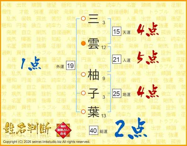 三(3画)雲(12画) 柚(9画)子(3画)葉(13画)
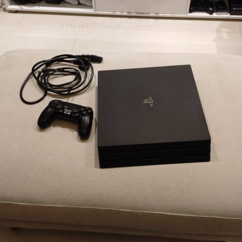 Sony Playstation 4 pelikonsoli, mukana kolme toimivaa ohjainta (2 mustaa ja 1 sininen), liitäntäkaapelit sekä NHL 19 -peli. Konsoli ja tarvikkeet soveltuvat Playstation 4 -pelien pelaamiseen.
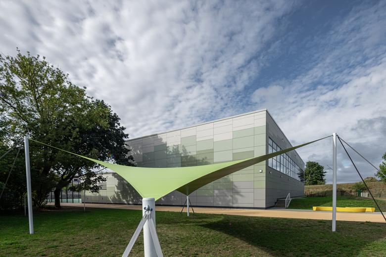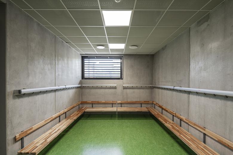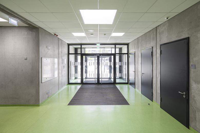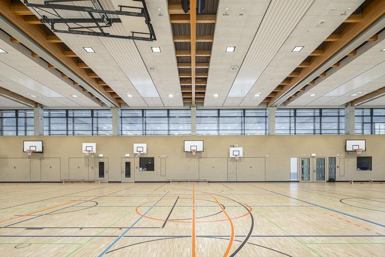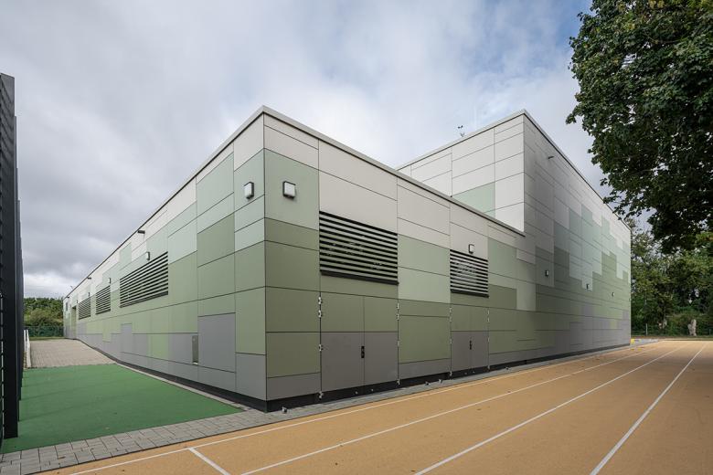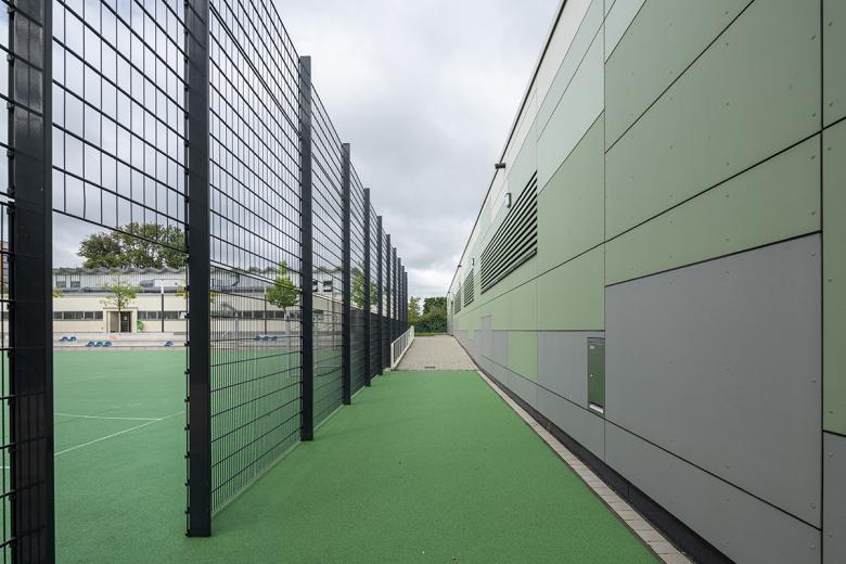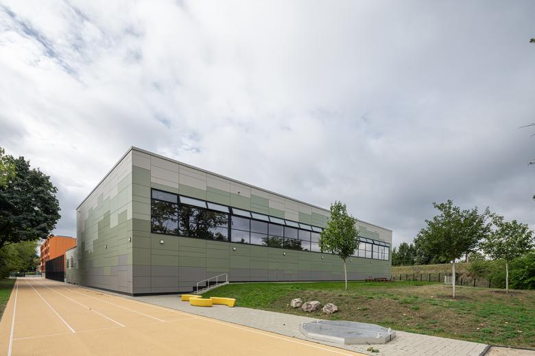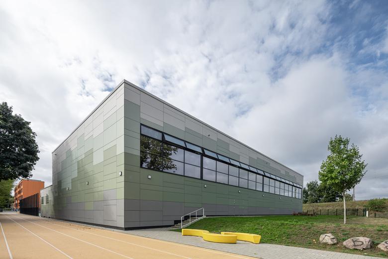 Am Schulstandort in der Haeckelstraße in Potsdam West teilen sich bisher die Zeppelin-Grundschule und das Hannah-Arendt-Gymnasium die bestehende, sanierte Einfeldhalle. Das Baufeld auf dem Grundstück, zwischen bestehender Halle, Plattenbau-Wohngebiet und Bahndamm, soll die neue Zweifeldhalle, eine 100m-Laufbahn und eine Kugelstoßanlage aufnehmen. Nach einer Standortanalyse mit Variantenvorstellung stand fest, dass die durch das Baufeld verlaufende Fernwärmetrasse verlegt werden muss. Die neue Halle wird nördlich der bestehenden Bebauung angeordnet, so dass sich im Ensemble mit dem Bestand und dem zu errichtenden Hartplatz eine stimmige Hofabfolge ausbildet. Die entstehende Erschließungsachse entlang der Bestandshalle führt direkt ins Foyer des Neubaus. Die Umkleiden sind barrierefrei und rollstuhltauglich geplant, die Halle wird gemäß der Nutzeranforderung dreiteilbar ausgeführt, für die nutzenden Vereine wird ein eigener Geräteraum vorgesehen. Die robuste Optik der geplanten Sichtbeton-Fertigteilbauweise wird durch die farbige Boden- und Wandgestaltung befreit. Die Fassade wird mit Faserzementplatten in einem dezenten Farbspiel von Grün- und Erdtönen verkleidet, der Sonnenschutz im Süden mit Lamellen aus Faserzement ausgeführt.

> [What is expected]: From the very first line of the listing above through the line that holds "Sony Playstation 4", write out each line exactly as it stands, leaving pictures out.

> [Solved problem]:
 三(3画)雲(12画) 柚(9画)子(3画)葉(13画)
 Sony Playstation 4 pelikonsoli, mukana kolme toimivaa ohjainta (2 mustaa ja 1 sininen), liitäntäkaapelit sekä NHL 19 -peli. Konsoli ja tarvikkeet soveltuvat Playstation 4 -pelien pelaamiseen.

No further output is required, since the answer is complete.